Relatives drop off fresh clothes and food, even bringing enough pizza one time for all the staff and patients. Tabletop bells, the kind once ubiquitous at hotel front desks, sit beside each bed to call for nurses.

Then there’s what the staff calls “the honeymoon suite,” the curtained-off cubicle where Peter and Pauline Sorrow are — finally, hopefully — finishing their battles with coronavirus.

Peter, 62 and Pauline, 71, have been together for 25 years. The longest they’ve been apart were the five days when Peter was first hospitalized in January for COVID-19. Since then, through recovery and relapse, he’s been in the main hospital twice, and is now finishing his second stint in the field hospital. For a few days after Pauline first got sick, they were just across the hall from one another in the main hospital, isolated in their own negative pressure rooms, communicating by phone.

Pauline, who is still mostly bedridden, was thrilled when they wheeled her bed next to Peter’s in the field hospital.

He now helps care for her: opening a stubborn lid on her lunch, cleaning a spot of food off her gown, updating their family.

“He saved me,” she said.
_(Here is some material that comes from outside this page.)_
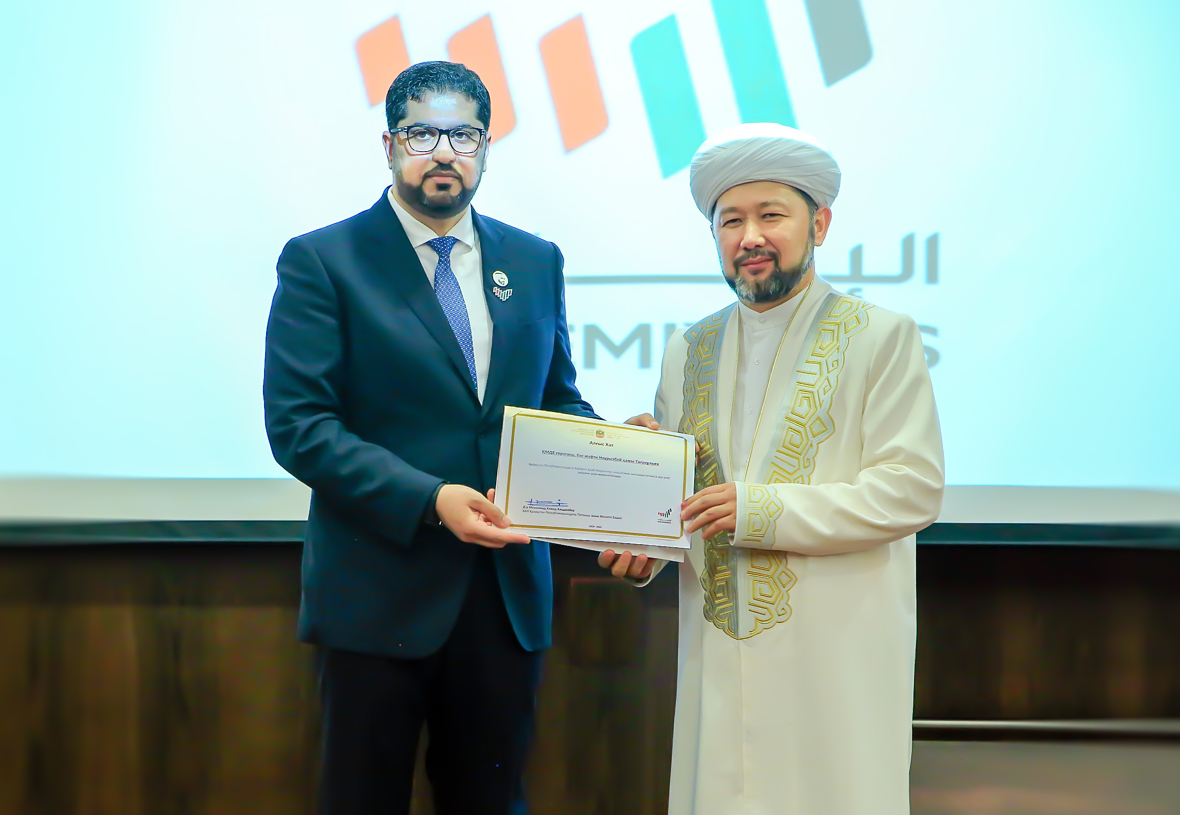 В мероприятии также принял участие председатель ДУМК, Верховный муфтий Наурызбай кажы Таганулы. Посол Объединенных Арабских Эмиратов в Казахстане г-н Мухаммед Ахмед аль-Джабер вручил специальное благодарственное письмо Верховному муфтию за его вклад в укрепление сотрудничества с посольством.

While both are steadily recovering, Pauline worries that COVID-19 still could take both of them.

“I kind of wonder sometimes if we’re going to wake up and we won’t be here,” she said.

In many ways, the field unit’s quieter pace is a welcome relief for medical staff. Subrina Geer, 33, a nurse here on a temporary assignment, saw the disease ravage New York City last year.

This is different: “It was a breath of fresh air to see how many patients we could discharge,” she said.

Dr. Paari Gopalakrishnan, who runs the field hospital, thought by now they’d be ready to close it down. But with the main hospital still crowded with patients — many with severe COVID-19 — it’s too early for that decision.

“What we’ve basically done is kick the can down the road,” he said. The field hospital is “easy to shut off but really hard to turn it back on.”